-- Records for the task follows --

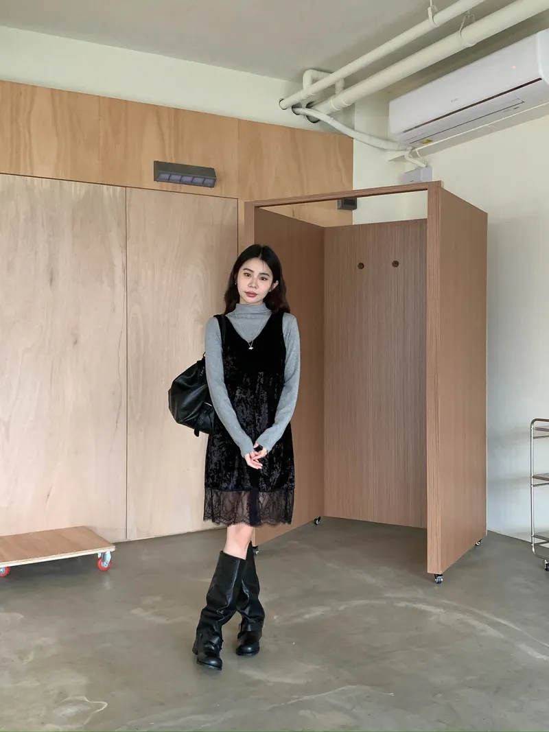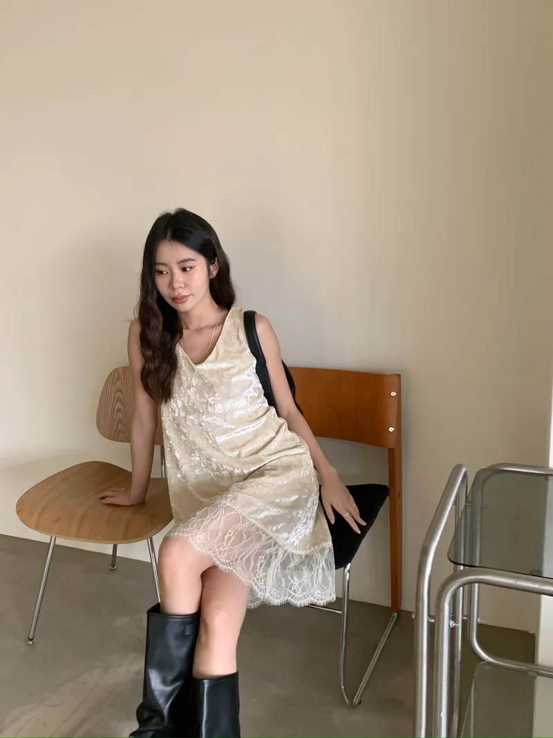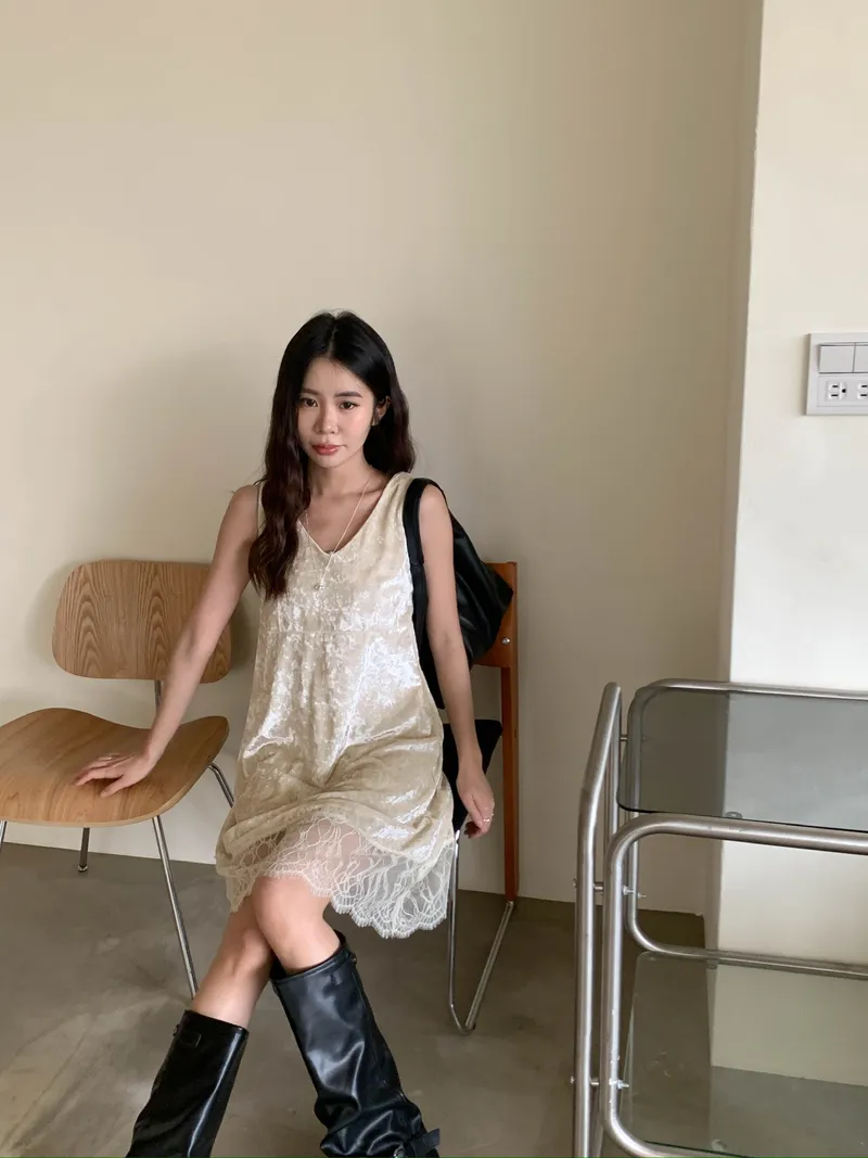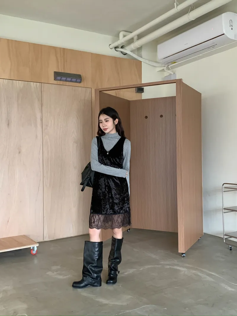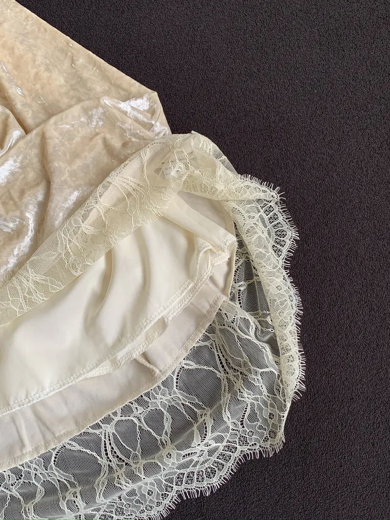 下襬拼接睫毛蕾絲 增添精緻小心機!
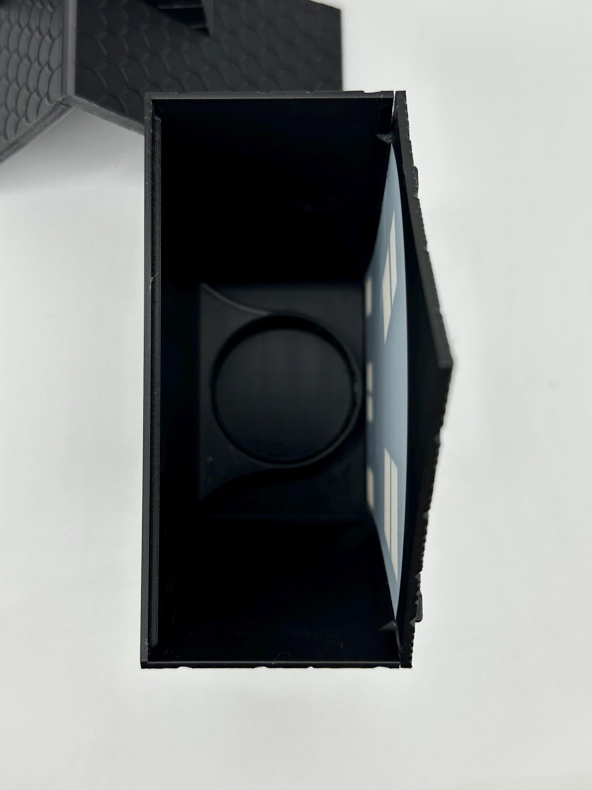 • 3D printed with durable black PLA filament, detailed with woodgrain texture • Includes 1 LED tea light candle – safe, flameless, and ready to glow
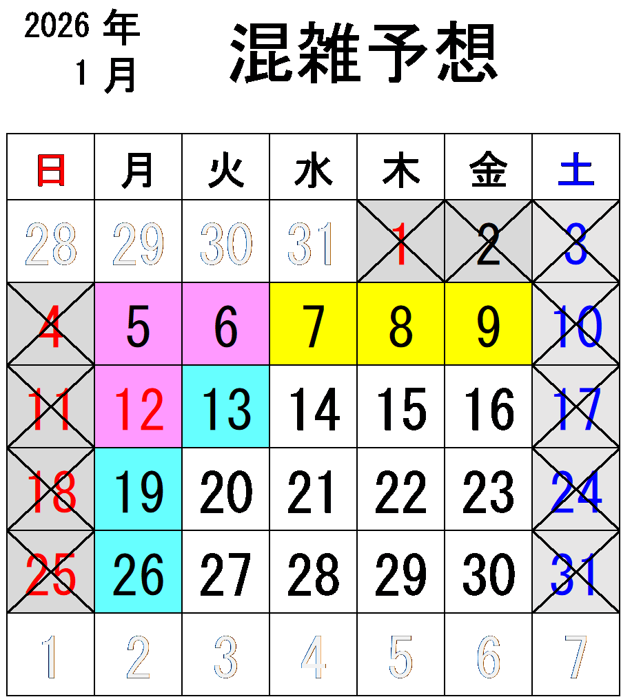 年末年始や大型連休の前後は混雑することが予想されます。長時間お待ちいただく場合もありますので、時間に余裕を持ってご来場ください。
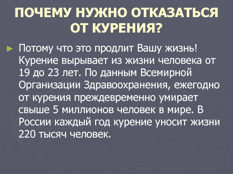 вырывает из жизни человека от 19 до 23 лет. По данным Всемирной Организации Здравоохранения, ежегодно от курения преждевременно умирает свыше 5 миллионов человек в мире. В России каждый год курение уносит жизни 220 тысяч человек.
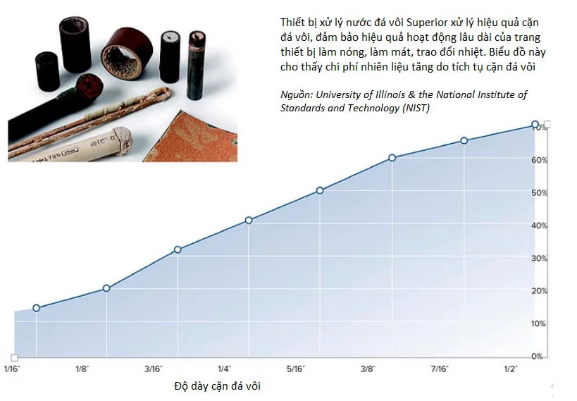 Theo National Institude of Standards and Technology, chỉ 10 mm cặn đá vôi sẽ làm tăng đến 50% chi phí nhiên liệu. Thiết bị xử lý nước đá vôi Superior chính là biện pháp tốt nhất giúp chống hình thành cặn đá vôi hiệu quả.
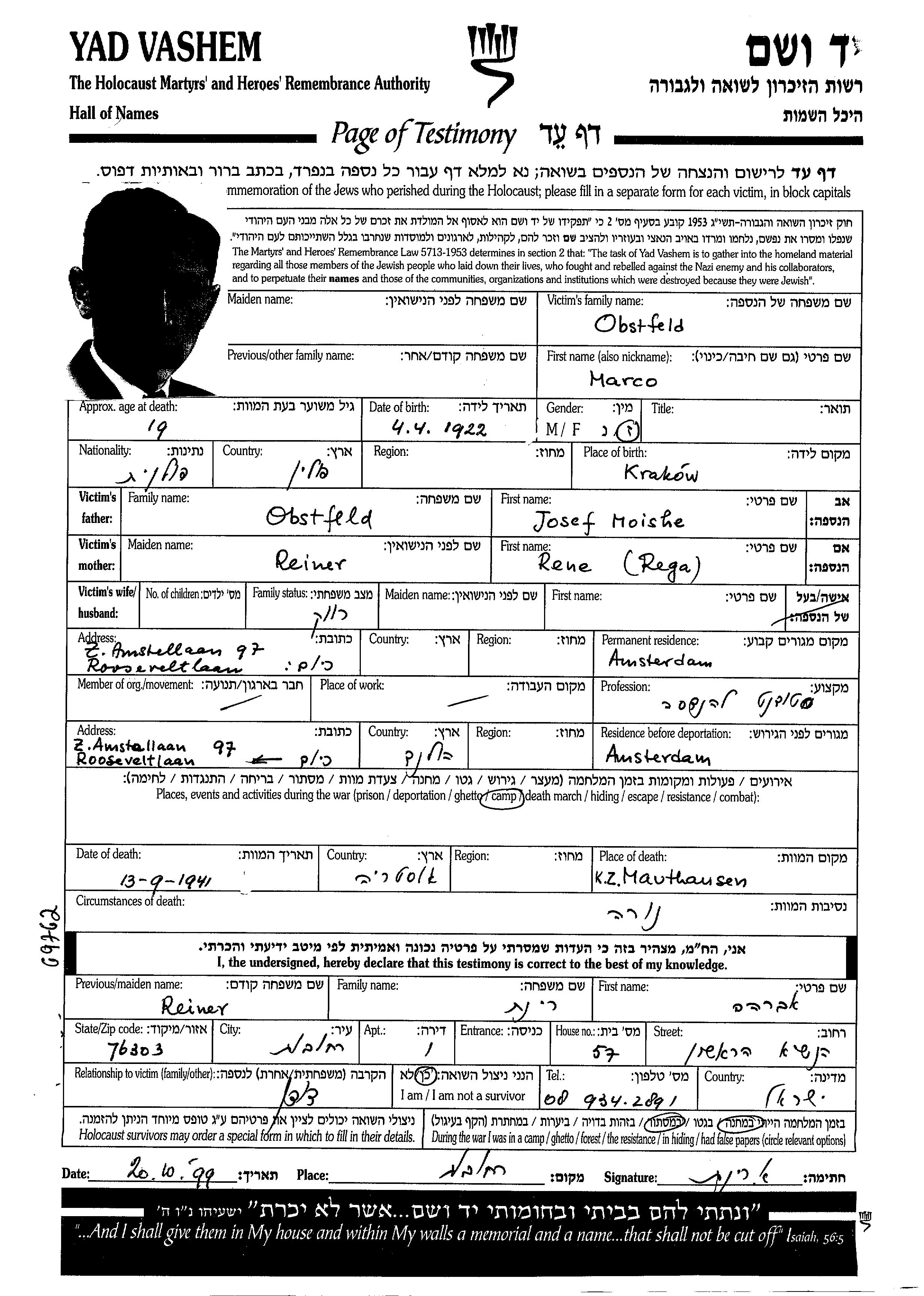 Obstfeld | Marco | 1922 | Krakow, Polen | Liste von ermordeten Juden aus Holland |
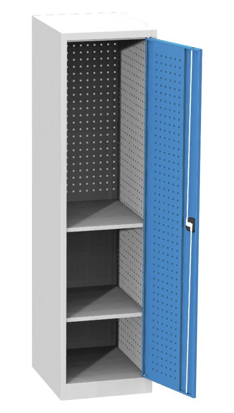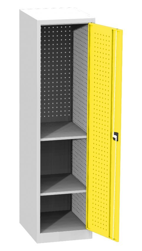 Szafa warsztatowa jednodrzwiowa, szerokość 505, wysokość 1950, głębokość 600 mm, 2 półki. Możliwość wymiany drzwi pełnych na ramę ze szkła hartowanego lub siatki drucianej dla lepszego przeglądu zawartości szafki. Nośność korpusu 800 kg, pojemność półki 100 kg. Kolor korpusu RAL 7035 jasnoszary.
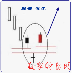 “棄嬰形態”(如下圖)通常是由三根蠟燭線組成,中間一根為十字星線,并且在這根十字星線與其前后兩根蠟燭線之間。從形態上看,它與前后的股價連續發展格格不入,仿佛掉隊的士兵,被遺棄的嬰兒一樣,故此得名。從圖中,我們可以發現股價出現了價格跳空的現象,并且此種形態通常會出現在頂部或者是底部,它是一種發轉信號。由于此形態出現的位置不同,因此可以分為底部“棄嬰形態”以及頂部“棄嬰形態”。通常來說,底部“棄嬰形態”將會預示著股價上升,而頂部底部“棄嬰形態”將會預示股價會下跌。

-- Records for the task concluded --

Goal of the exercise: Could the data above be reproduced exactly, with the pictures left out?

Written answer:
 下襬拼接睫毛蕾絲 增添精緻小心機!
 • 3D printed with durable black PLA filament, detailed with woodgrain texture • Includes 1 LED tea light candle – safe, flameless, and ready to glow
 年末年始や大型連休の前後は混雑することが予想されます。長時間お待ちいただく場合もありますので、時間に余裕を持ってご来場ください。
 вырывает из жизни человека от 19 до 23 лет. По данным Всемирной Организации Здравоохранения, ежегодно от курения преждевременно умирает свыше 5 миллионов человек в мире. В России каждый год курение уносит жизни 220 тысяч человек.
 Theo National Institude of Standards and Technology, chỉ 10 mm cặn đá vôi sẽ làm tăng đến 50% chi phí nhiên liệu. Thiết bị xử lý nước đá vôi Superior chính là biện pháp tốt nhất giúp chống hình thành cặn đá vôi hiệu quả.
 Obstfeld | Marco | 1922 | Krakow, Polen | Liste von ermordeten Juden aus Holland |
 Szafa warsztatowa jednodrzwiowa, szerokość 505, wysokość 1950, głębokość 600 mm, 2 półki. Możliwość wymiany drzwi pełnych na ramę ze szkła hartowanego lub siatki drucianej dla lepszego przeglądu zawartości szafki. Nośność korpusu 800 kg, pojemność półki 100 kg. Kolor korpusu RAL 7035 jasnoszary.
 “棄嬰形態”(如下圖)通常是由三根蠟燭線組成,中間一根為十字星線,并且在這根十字星線與其前后兩根蠟燭線之間。從形態上看,它與前后的股價連續發展格格不入,仿佛掉隊的士兵,被遺棄的嬰兒一樣,故此得名。從圖中,我們可以發現股價出現了價格跳空的現象,并且此種形態通常會出現在頂部或者是底部,它是一種發轉信號。由于此形態出現的位置不同,因此可以分為底部“棄嬰形態”以及頂部“棄嬰形態”。通常來說,底部“棄嬰形態”將會預示著股價上升,而頂部底部“棄嬰形態”將會預示股價會下跌。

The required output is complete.